Inducible Clindamycin Resistance in Methicillin Resistant Staphylococcus aureus

Saleh. H. Baiu, Nadia. E. Al-Abdli

American Journal of Infectious Diseases and Microbiology

Inducible Clindamycin Resistance in Methicillin Resistant Staphylococcus aureus

Saleh. H. Baiu1, Nadia. E. Al-Abdli2,

1Department of Botany, Faculty of Science, Benghazi University, Libya

22Department of Laboratory, Eye Hospital, Benghazi, Libya


The resistance to antimicrobial agents among staphylococci is an increasing problem. This has led to renewed interest in the usage of macrolide-lincosamide-streptogramin B (MLSB) antibiotics to treat Staphylococcus aureus infections. In vitro routine tests for clindamycin susceptibility may fail to detect inducible clindamycin resistance thus necessitating the need to detect such resistance by a simple D-test on routine basis. The objective of this study was to investigate S. aureus collected isolates for MLSB phenotypes, in particular inducible clindamycin resistance (MLSBi). Methods: Four hundred and forty six S.aureus isolates from samples were evaluated and inducible resistance to clindamycin was detected by D-test as per CLSI guidelines (2012). Results: Among 224 isolates of staphylococci studied, 101 (21.4%) were methicillin-resistant S. aureus (MRSA) and 123 (26.1%) were methicillin-sensitive Staphylococcus aureus (MSSA).

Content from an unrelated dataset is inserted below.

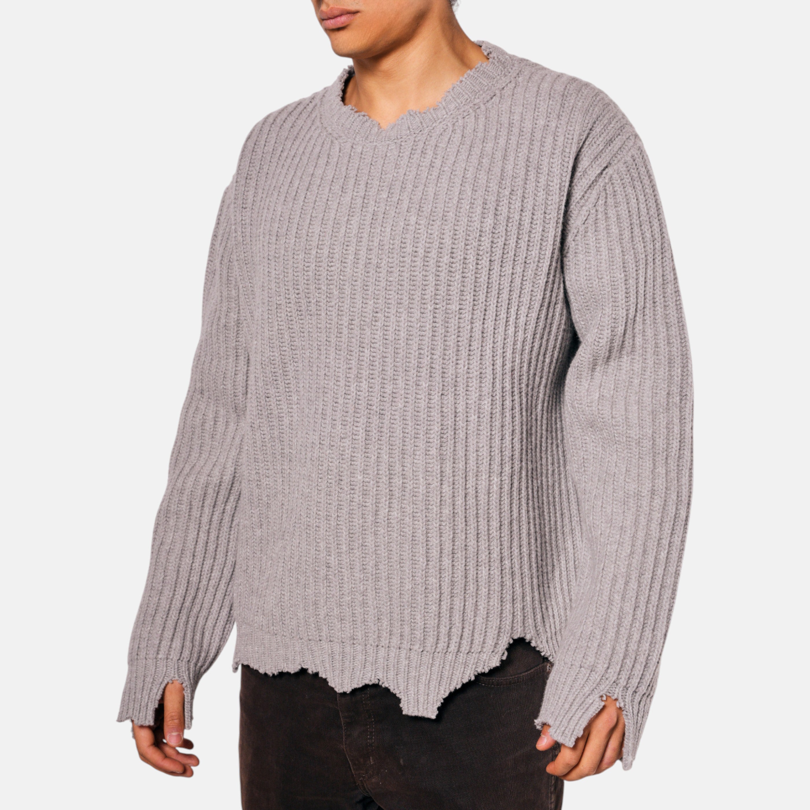 Maglione grigio Broken Paura in misto lana, morbido e caldo, con un design pulito ma deciso.

Of the 224 staphylococcal isolates 62 (27.7%) were resistant to erythromycin of which 10 (4.46%) showed inducible clindamycin resistance and belonged to the MLSBi phenotype. Among the 10 MLSBi phenotype 7 (6.93%) were MRSA and 3 (2.44%) were MSSA. Conclusion: D-test should be included as a mandatory method in routine disc diffusion testing to detect inducible clindamycin resistance in staphylococci for the optimum treatment of patients.

Cite this article:

  • Saleh. H. Baiu, Nadia. E. Al-Abdli. Inducible Clindamycin Resistance in Methicillin Resistant Staphylococcus aureus. American Journal of Infectious Diseases and Microbiology. Vol. 4, No. 1, 2016, pp 25-27.
  • Baiu, Saleh. H., and Nadia. E. Al-Abdli. "Inducible Clindamycin Resistance in Methicillin Resistant Staphylococcus aureus." American Journal of Infectious Diseases and Microbiology 4.1 (2016): 25-27.
  • Baiu, S. H. , & Al-Abdli, N. E. (2016). Inducible Clindamycin Resistance in Methicillin Resistant Staphylococcus aureus. American Journal of Infectious Diseases and Microbiology, 4(1), 25-27.
  • Baiu, Saleh. H., and Nadia. E. Al-Abdli. "Inducible Clindamycin Resistance in Methicillin Resistant Staphylococcus aureus." American Journal of Infectious Diseases and Microbiology 4, no. 1 (2016): 25-27.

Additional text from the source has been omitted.